Could you give back the records exactly, taking out the pictures?

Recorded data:

"""

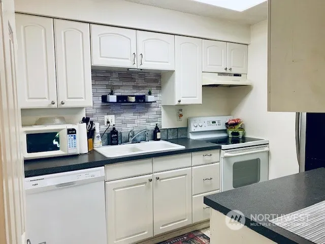 Top floor Corner-End unit. 2 Primary Bedrooms + 1 Additional Bedroom added. Town-home in city close to everything. See-through kitchen/dinning, 2 Primary bedrooms upstairs w/ individual sinks, Jack-n-Jill bath. Upgrades include new plumbing and appliances, new heating thermostats & cooling fans. Final renovations to be completed in July. Turn-key business ready. 1/2 bath on the main floor (Currently 3rd bedroom) Kitchen & separate dinning room. Courtyard setting with sculpted landscaping views from each window, Territorial views from balcony. Complex has 3 Pools, a Gym, 2 Saunas, Sports Court, Extra Storage, Cabana. Easy access to Seatac Airport I-5/405/99 & Light-Rail Station.
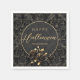 Gothic black and gold Halloween paper napkins with black and gold roses, golden handwritten old script, elegant damask pattern and oval golden frame.
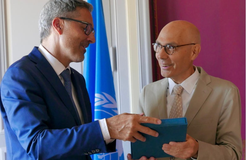 Landeshauptmann Arno Kompatscher (von links) und UN-Hochkommissar für Menschenrechte, Volker Türk, sprachen heute (12. August) in Genf über eine mögliche Zusammenarbeit mit den Vereinten Nationen für das geplante Kompetenzzentrum für Minderheiten und Autonomie in Bozen. - Foto: LPA
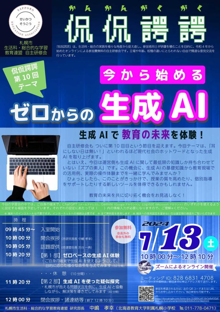 自主研修会も ついに第10 回目という節目を迎えます。今回テーマは、「耳にしない日は無い!」といわれるほど現代社会のホットワードとなった生成AI を取り上げます。とはいえ、今回は運営側も生成AI に関して最低限の知識しか持ち合わせていない「ズブの素人」です。この機会に、生成AI の基礎知識から教育現場での活用例、実際の操作体験までを一緒に学んでみませんか?
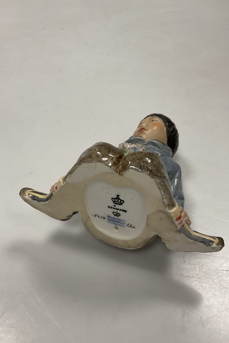 Royal Copenhagen Figur i Overglasur - Dreng med blomster fra Grønland No. 12419. Designet af Carl Martin-Hansen. Perfekt stand

"""

The answer:
 Top floor Corner-End unit. 2 Primary Bedrooms + 1 Additional Bedroom added. Town-home in city close to everything. See-through kitchen/dinning, 2 Primary bedrooms upstairs w/ individual sinks, Jack-n-Jill bath. Upgrades include new plumbing and appliances, new heating thermostats & cooling fans. Final renovations to be completed in July. Turn-key business ready. 1/2 bath on the main floor (Currently 3rd bedroom) Kitchen & separate dinning room. Courtyard setting with sculpted landscaping views from each window, Territorial views from balcony. Complex has 3 Pools, a Gym, 2 Saunas, Sports Court, Extra Storage, Cabana. Easy access to Seatac Airport I-5/405/99 & Light-Rail Station.
 Gothic black and gold Halloween paper napkins with black and gold roses, golden handwritten old script, elegant damask pattern and oval golden frame.
 Landeshauptmann Arno Kompatscher (von links) und UN-Hochkommissar für Menschenrechte, Volker Türk, sprachen heute (12. August) in Genf über eine mögliche Zusammenarbeit mit den Vereinten Nationen für das geplante Kompetenzzentrum für Minderheiten und Autonomie in Bozen. - Foto: LPA
 自主研修会も ついに第10 回目という節目を迎えます。今回テーマは、「耳にしない日は無い!」といわれるほど現代社会のホットワードとなった生成AI を取り上げます。とはいえ、今回は運営側も生成AI に関して最低限の知識しか持ち合わせていない「ズブの素人」です。この機会に、生成AI の基礎知識から教育現場での活用例、実際の操作体験までを一緒に学んでみませんか?
 Royal Copenhagen Figur i Overglasur - Dreng med blomster fra Grønland No. 12419. Designet af Carl Martin-Hansen. Perfekt stand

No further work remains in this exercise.